Single Straight Leg Stretch
Lay back on the mat and extend both legs up to the ceiling. You can bend your knees if you need to, especially if you have tight hamstrings or feel a strain on your lower back. Lift your head and look at your belly button, holding behind your thigh or calf with both hands. Inhale, and split your legs like scissors pulling your leg towards your body. Exhale and switch. Perform 4 repetitions on each side.

Double Straight Leg Stretch
Lay back on the mat with your arms by your sides and your legs extended up to the ceiling with your heels together and your toes turned out slightly in what is called Pilates Stance. Inhale and lower your legs towards the mat. Only go as low as you can keep your spine and your ribs pressing into the mat. Exhale and lift your legs back up to the ceiling. Perform 5 repetitions total.

Criss Cross
Lay back on the mat with your knees into your chest, ankles and knees squeezing together and your hands behind your neck. Lift your head and look at your belly button.
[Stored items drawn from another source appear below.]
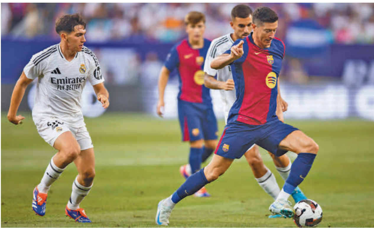
Robert Lewandowski en el partido amistoso disputado este verano en Estados Unidos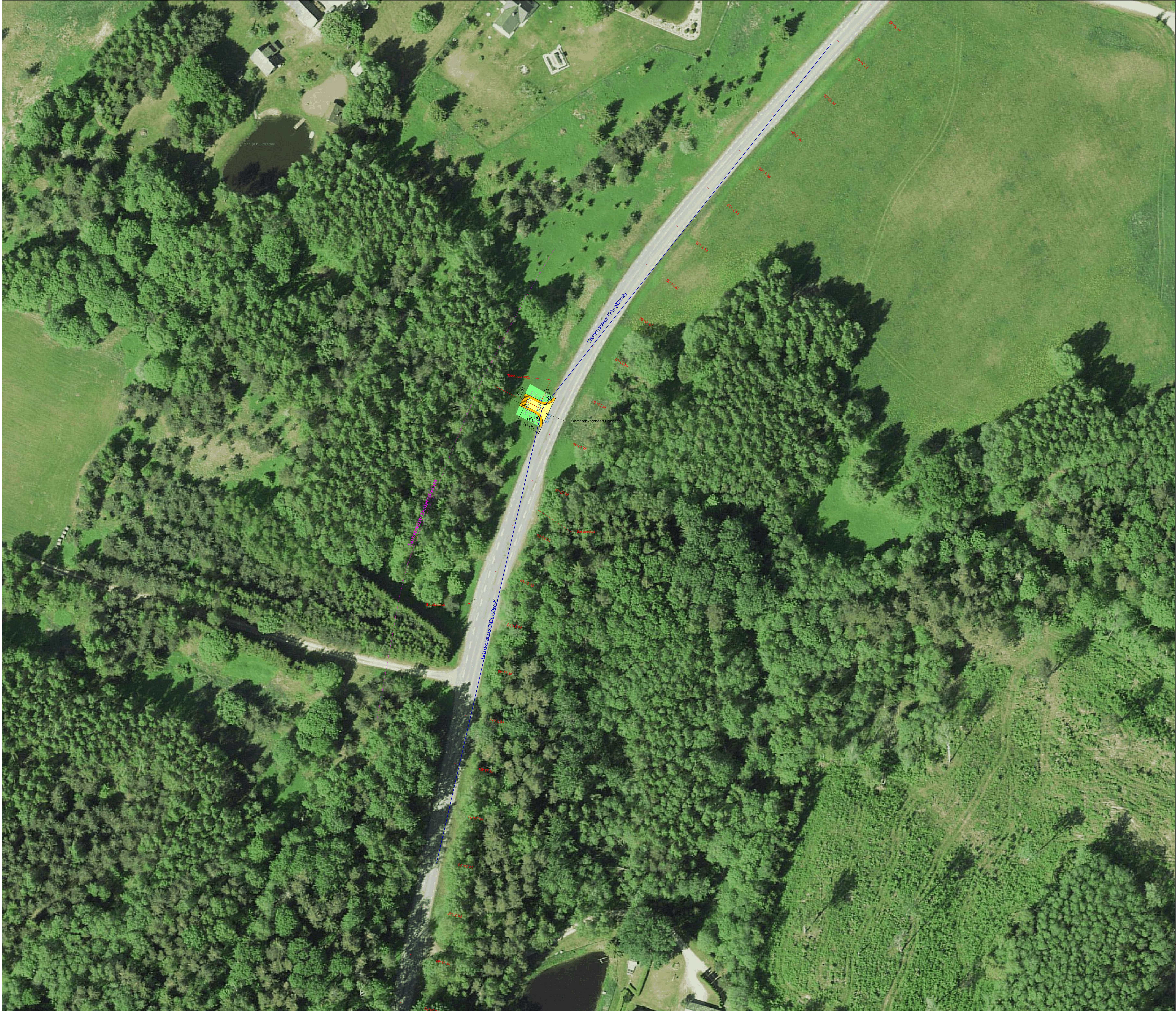
Mahasõidu ristlõige 1:100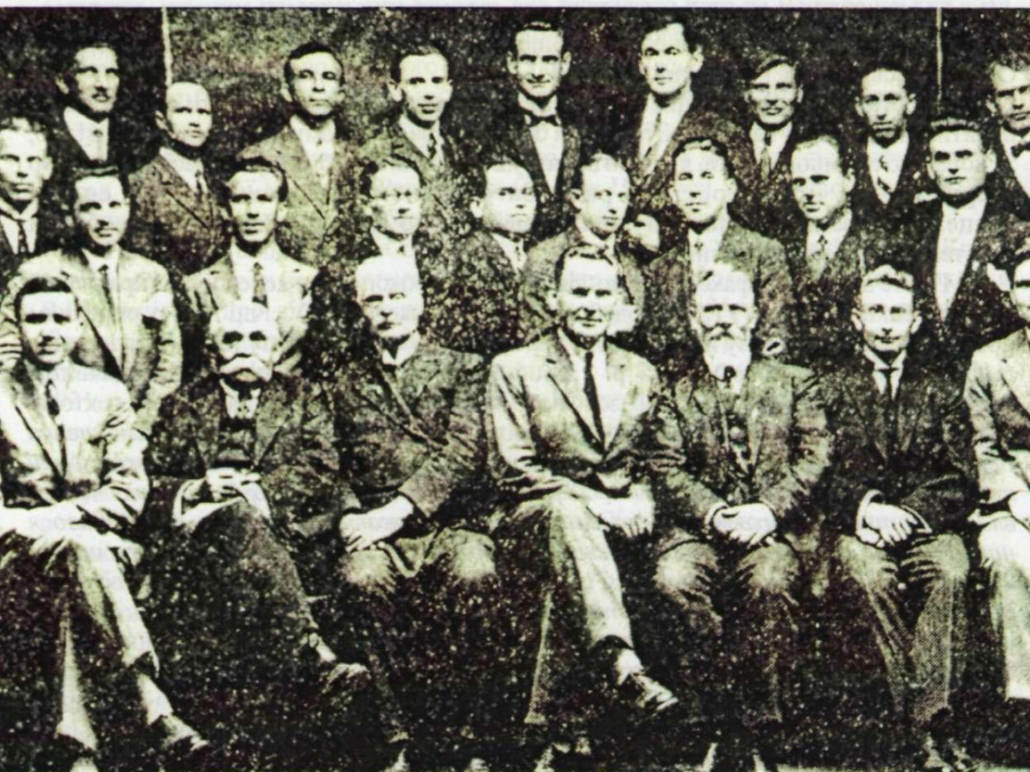
С.П.Тимошенко серед професорів та студентів Української господарської академії. Подєбради. 1928 р.

Inhale, and as you exhale bring your left shoulder up towards your right knee and extend your left leg out long at an angle that you can hold keeping your spine and your ribs pressing into the mat. Inhale, come center, squeezing your knees and ankles together, and as you exhale switch to the other side. Perform 4 repetitions on each side.

Classical Pilates Mat exercises are such a wonderful way to not only strengthen your abdominals, but they will also help to improve your posture and alleviate or prevent any back pain.